The Presbyterian Ulster Scots also brought over their burning hatred of Episcopalians (especially since, as British subjects, they had to pay taxes for the established Anglican Church in America). When one Anglican missionary tried to preach in the Carolina mountains, the locals “disrupted his services, rioted while he preached, started a pack of dogs fighting outside the church, loosed his horse, stole his church key, refused him food and shelter, and gave two barrels of whisky to his congregation.” The missionary, an Englishman, learned to hate his would-be Scotch-Irish converts with a passion. “They delight in their present low, lazy, sluttish, heathenish, hellish life,” he wrote, “and seem not desirous of changing it.”
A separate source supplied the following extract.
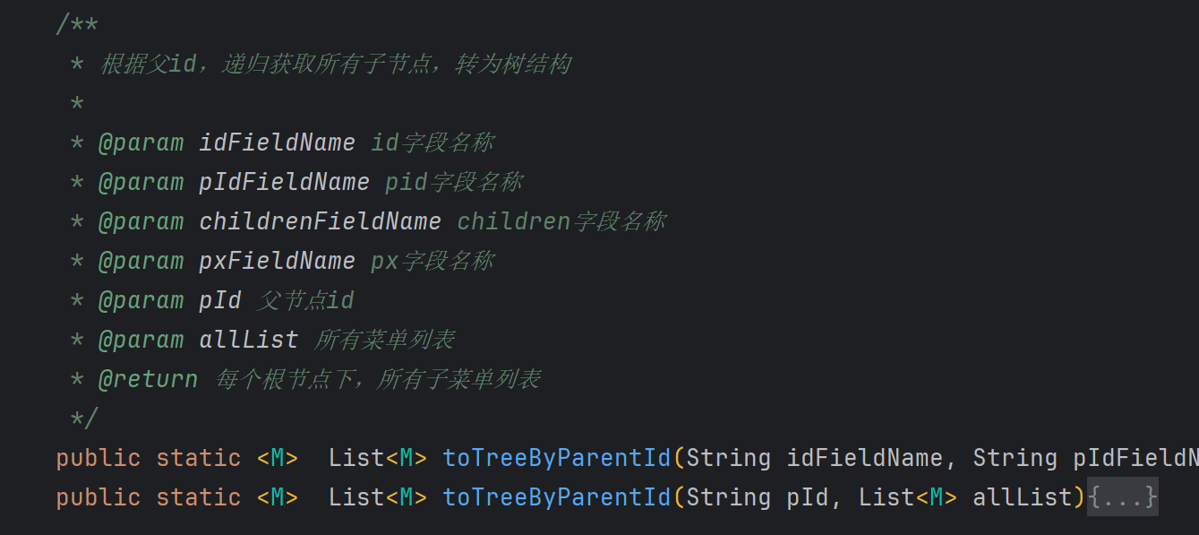 日常开发中,树形结构的数据是比较常见的一种数据结构,比如系统菜单、组织机构、数据字典等,有时候需要后端把数据转成树形结构再返回给前端,对此特意封装通用树形结构工具类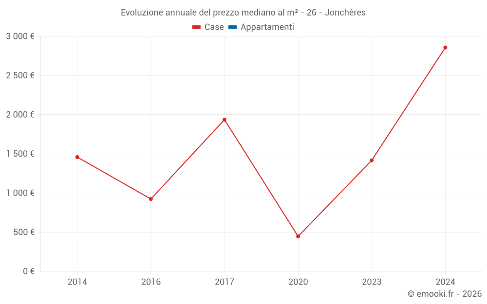 Evoluzione del prezzo mediano al m² degli appartamenti

Closer to home, Horace Kephart, that observer of Appalachian culture and master maker of lists, cataloged place-names in Our Southern Highlanders:
The qualities of the raw backwoodsmen are printed from untouched negatives in the names he has left upon the map. His literalness shows in Black Rock, Standing Stone, Sharp Top, Twenty Mile, Naked Place, The Pocket, Tumbling Creek, and in the endless designations taken from trees, plants, minerals, or animals noted on the spot. Incidents of his lonely life are signalized in Dusk Camp Run, Mad Sheep Mountain, Dog Slaughter Creek, Drowning Creek, Burnt Cabin Branch, Broken Leg, Raw Dough, Burnt Pone, Sandy Mush, and a hundred others. His contentious spirit blazes forth in Fighting Creek, Shooting Creek, Gouge-eye, Vengeance, Four Killer, and Disputanta….
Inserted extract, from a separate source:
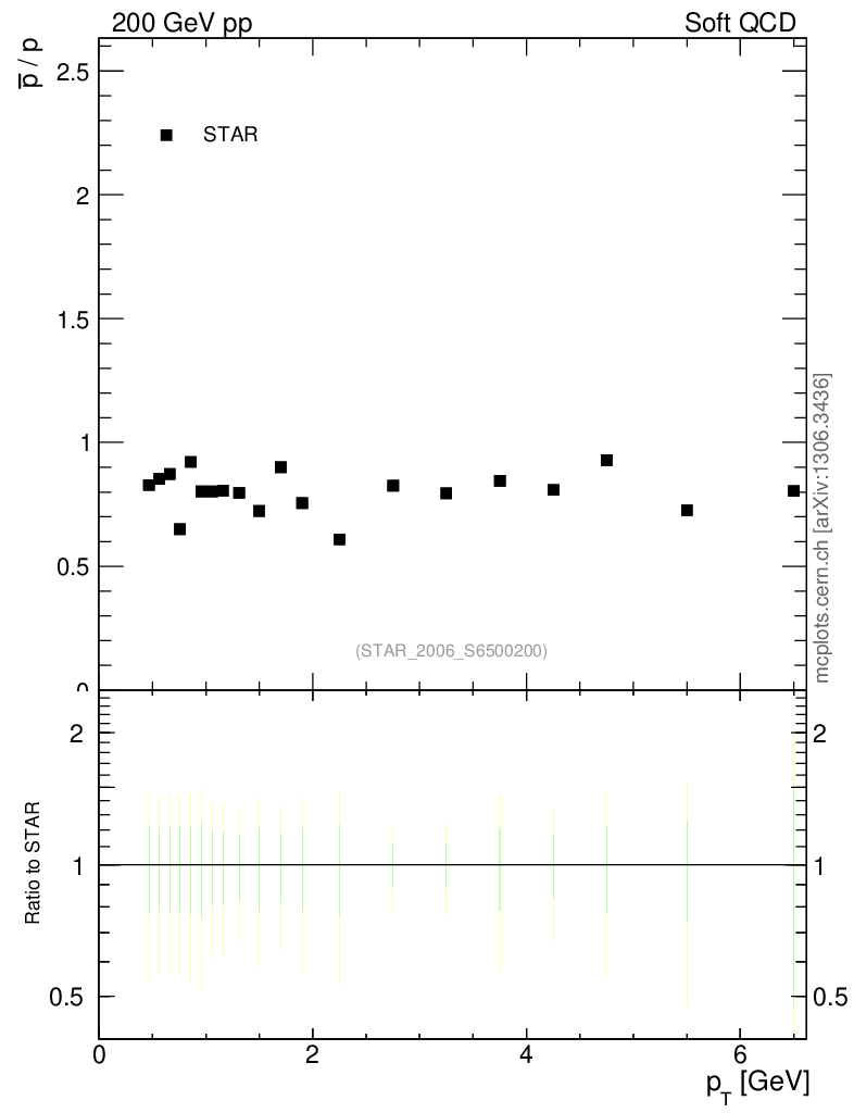 Soft QCD (inelastic) : Identified Particles : Ratios : pbar/p vs pT

A sardonic humor, sometimes smudged with "that touch of grossness in our English race," characterizes many of the backwoods place-names. In the mountains of Old Virginia we have Dry Tripe settlement and Jerk 'em Tight. In West Virginia are Take In Creek, Get In Run, Seldom Seen Hollow, Odd, Buster Knob, Shabby Room, and Stretch Yer Neck. North Carolina has its Shoo Bird Mountain, Big Bugaboo Creek, Weary Hut, Frog Level, Shake a Rag, and the Chunky Gal. In eastern Tennessee are No Time settlement and No Business Knob, with creeks known as Big Soak, Suee, Go Forth, and How Come You. Georgia has produced Scataway, Too Nigh, Long Nose, Dug Down, Silly Cook, Turkey Trot, Broke Jug Creek, and Tear Breeches Ridge.
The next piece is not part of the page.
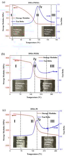 According to the results, the Tg for three kinds of PMMA, PEEK, and PI are 116 °C, 167 °C, and 166 °C, respectively. Three distinct regimes, such as the glassy regime, viscoelastic regime, and the rubbery regime, could be found, and different groove structures are shown in Figure 3a–c. As shown in Figure 3a, when the processing temperature was higher than 160 °C, which was larger than Tg, obvious burrs were observed along the groove. The DMA results of PEEK are shown in Figure 3b, and the Tg of PEEK was about 167 °C, which was much higher than that of PMMA. When the temperature was at about 70 °C, the edge of the groove was neat without obvious burrs. If the processing temperature were about 240 °C, which is near the Tg of PEEK, the groove shape of the PEEK sample would be ruined. The DMA characteristics of PI were similar to that of PEEK according to the results displayed in Figure 3c. The Tg of PI was about 166 °C, and the groove edge quality was also very good. With the increase of temperature, the edge shape was ruined, and big burrs or sintered edges could be observed. On the whole, when the polymers were in the glass state, the material could be removed in a brittle way. With the temperature rising, the polymers were in the viscoelastic or rubbery state, big burrs could be found on the groove edges, and the material was melted or burned from the bulk material.

Allowing some license for the mountaineer's irreverence, his whimsical fancies, and his scorn of sentimentalism, it must be said that his descriptive terms are usually apposite and sometimes felicitous. Often he is poetically imaginative, occasionally romantic, and generally picturesque. Roan Mountain, Grandfather, the Lone Bald, Craggy Dome, the Black Brothers, Hairy Bear, the Balsam Cone, Sunset Mountain, the Little Snowbird, are names that linger lovingly in one's memory. …
What matter that the plenteous roughs about us were branded with rude or opprobrious names? Rip Shin Thicket, Dog-hobble Ridge, the Rough Arm, Bear-wallow, Woolly Ridge, Roaring Fork, Huggins's Hell, the Devil's Racepath, his Den, his Courthouse, and other playgrounds of Old Nick--they, too, were well and fitly named.